Myxedema. Myxedema can be found with both hypothyroidism and hyperthyroidism, but most often is part of long-standing hypothyroidism. Hypothyroidism is a potentially serious and often overlooked diagnosis. It affects almost all organ systems due to a slower metabolic state. Initially it can present with nonspecific constitutional and psychiatric complaints. However, with long-standing progression, hypothyroidism can lead to heart failure, psychosis, and coma. Unfortunately, it is a great mimicker of many common complaints encountered in the emergency department. In overt hypothyroidism, peripheral edema is among the multiple clinical findings, including periorbital edema. Although the causes of edema associated with myxedema are still not fully appreciated, it is thought that within the capillaries, there is an increase in permeability resulting in the accumulation of proteins and mucopolysaccharides in the interstitium, followed by sodium and water and a concomitant expansion in total body water and sodium.2,15
Pregnancy. Edema in pregnancy can be seen in up to 80% of pregnancies due to factors that elevate venous pressures, particularly in the lower extremities. During pregnancy there are many physiological changes that favor edema formation that include elevated progesterone levels which act to increase venous distensibility, increased plasma volume, sodium retention, decreased plasma protein concentration, increased capillary hydrostatic pressure late in pregnancy due to mechanical compression of vena cava and iliac veins, increased antinatriuretic hormones such as aldosterone and desoxycorticosterone, and the activation of renin-angiotensin-aldosterone system.2 These factors, in addition to the decreased venous return from the inferior vena cava, result in edema, varicose veins, and hemorrhoids.16 It should be noted that while generalized edema is often present in cases of preeclampsia, it is no longer part of the diagnostic criteria.17
Idiopathic Edema. Although the frequency of idiopathic edema is not known, as of late researchers have claimed that it is becoming quite common in the premenopausal female.

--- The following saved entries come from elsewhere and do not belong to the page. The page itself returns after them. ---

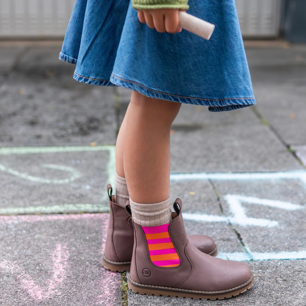 Die Chelsea Boots in Pink/Orange von Lotta & Emil überzeugen mit ihrem besonders robusten, gewachsten Glattleder und der eigens entwickelten Profilsohle ohne Absatz. Dank dem Reisverschluss mit dem großen Zipper können selbst die Kleinsten schnell und einfach in ihre Boots schlüpfen.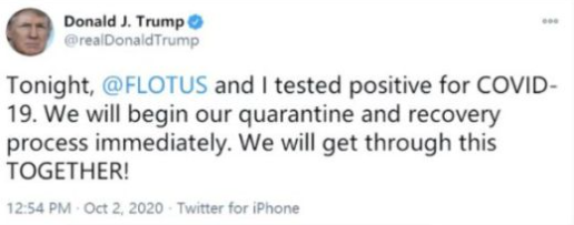 트럼프 대통령은 2일(현지시각) 오전 1시 트위터를 통해 "나와 영부인이 코로나19 양성 판정을 받았다"면서 "즉시 격리하고, 회복 절차를 시작하겠다. 우리는 코로나를 함께 극복할 것"이라고 적었다.
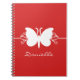 Sweet and simple Butterfly Swirls Notebook in dark red featuring a lovely butterfly silhouette and swirl border. This lovely notebook may be customised with the personalised text of your choosing. This pretty butterfly notebook is girly and stylish and can be used to jot down notes or other fun stuff! Click on the "Customise It" button to additional personalisation options.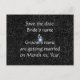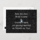 Painting of silver stars on black, with a flash added, and placeholders for wedding info, printed on custom Save the date Postcards.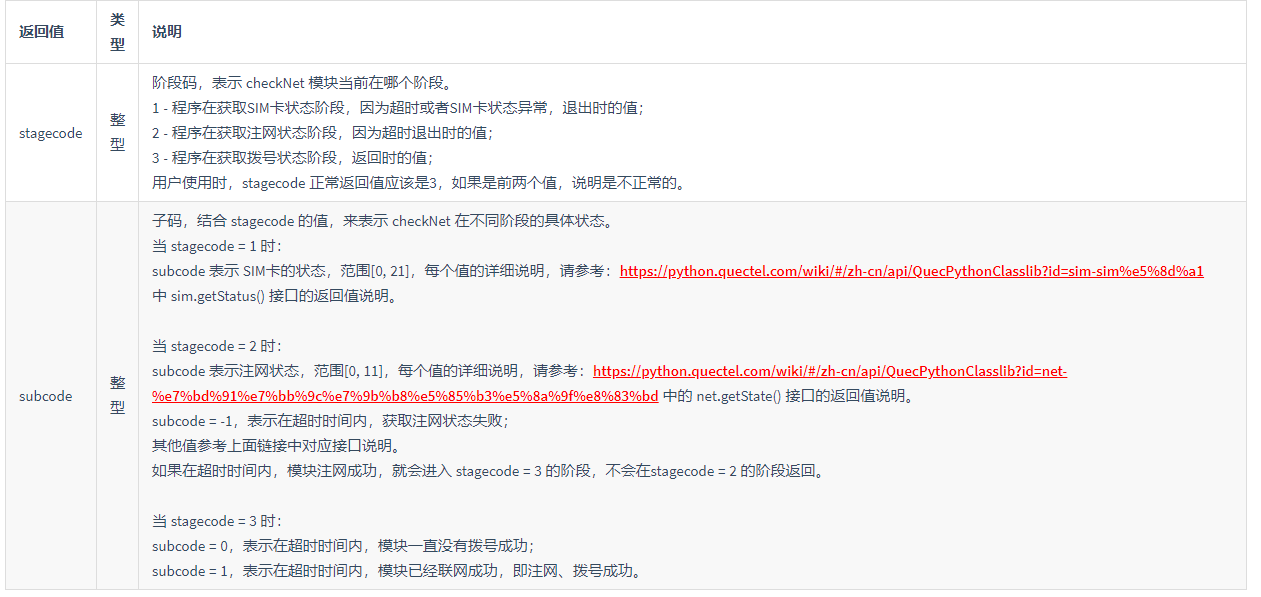 以上就是懦弱秀发最近收集整理的关于移远QuecPython(基于EC600s)开发物联网应用(七) QuecPython通讯相关模块一. sim --SIM卡模块二. dataCall - 数据拨号三. net - 网络相关功能四. checkNet - 等待网络就绪五. cellLocator - 基站定位的全部内容,更多相关移远QuecPython(基于EC600s)开发物联网应用(七)内容请搜索靠谱客的其他文章。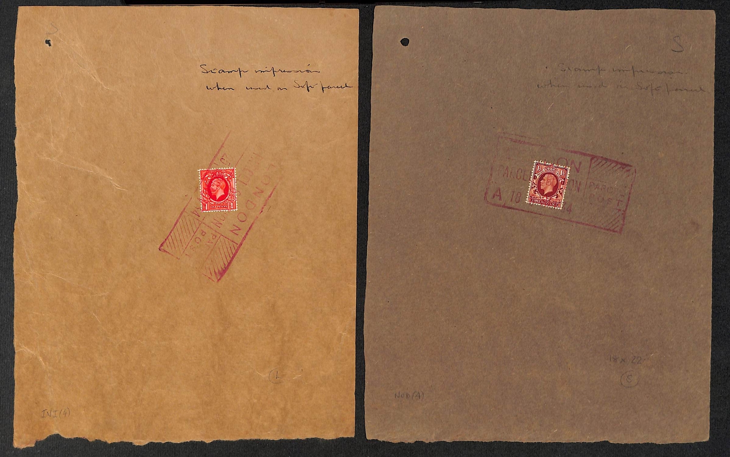 1934 1d and 1½d Photogravure colour trials in the issued colours, affixed to separate parcel pieces, cancelled London Parcel Section trial cancels in red, each piece endorsed "stamp impression when used on soft parcel", with a photocopy of a B.P.A Certificate issued for an identical item bearing a 1½d orange-brown colour trial. S.G. £2,000 for the 1½d trial, the similar 1d trial unlisted. (2).
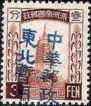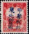 The following commemorative overprints appear on stamps printed by the Hsin Min press and surcharged with new values using a black typeface made up of Sung No 5 with additional characters reading Restricted for use in the North East. Due to wartime shortages the Hsin Min press were forced to use a variety of different papers to complete the contract and as a result more than one type of paper can be found for some of the stamps shown below. Type 1 - Newsprint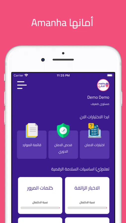 تطبيق أمانها AmanHa يساعدكم/ن في تعلم أساسيات السلامة الرقمية، من أجل التوعية بأهمية السلامة الرقمية لنساء والفتيات وغيرهن، وكذا من أجل تطوير قدراتهن في مجال أساسيات السلامة الرقمية والحقوق الرقمية.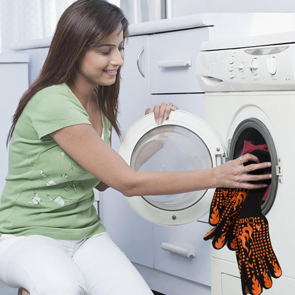 • Easy to clean and store: Our heat resistant gloves can be easily cleaned either by machine washing or hand washing. The inner side of the cuffs features a convenient loop for hanging and drying, making storage a breeze.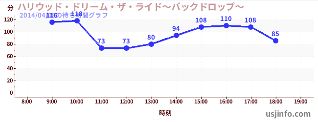 • ハリウッド・ドリーム・ザ・ライド〜バックドロップ〜$B$N(B2014年04月08日の待ち時間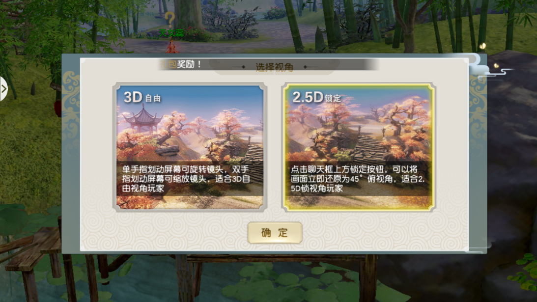 剧情到轻功后有选择视角,一个是3D自由视角,还有一个是锁定视角。
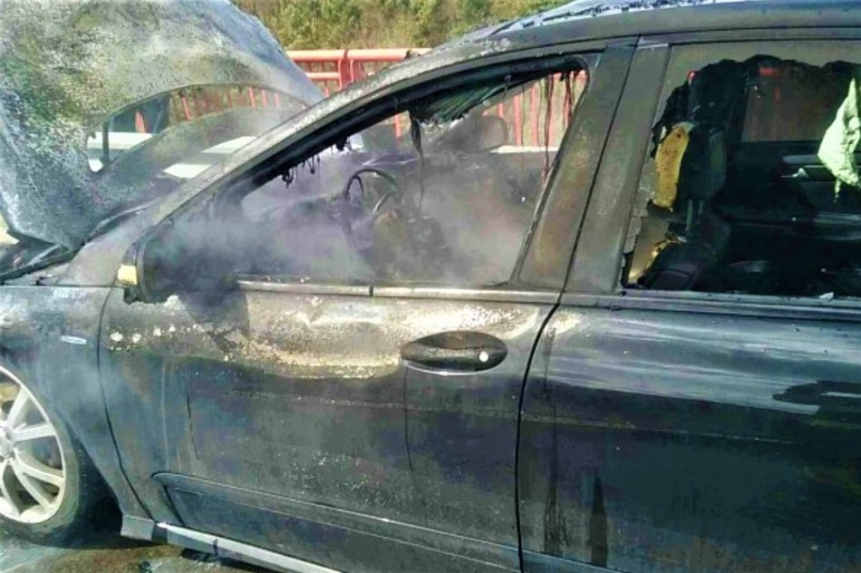 Galéria k článku Mercedes v plameňoch: Považskobystrickí hasiči o príčine požiaru, FOTO

This syndrome includes fluid retention, causing swelling of the limbs, trunk, face, feet, and hands. Typically, the patient does not exhibit any signs of cardiac, renal, or hepatic disease; however, psychological symptoms do present along with this form of edema. Obesity and diabetes often accompany this syndrome as well. It is important to note that many of these women may present with an attempt to control their obesity and attempt weight loss with the use of diuretics, purging behaviors such as forced vomiting, and laxatives.18 This fact has many authors questioning whether idiopathic edema truly is an independent syndrome and one of exclusion, or one caused by the patient's habits and behaviors.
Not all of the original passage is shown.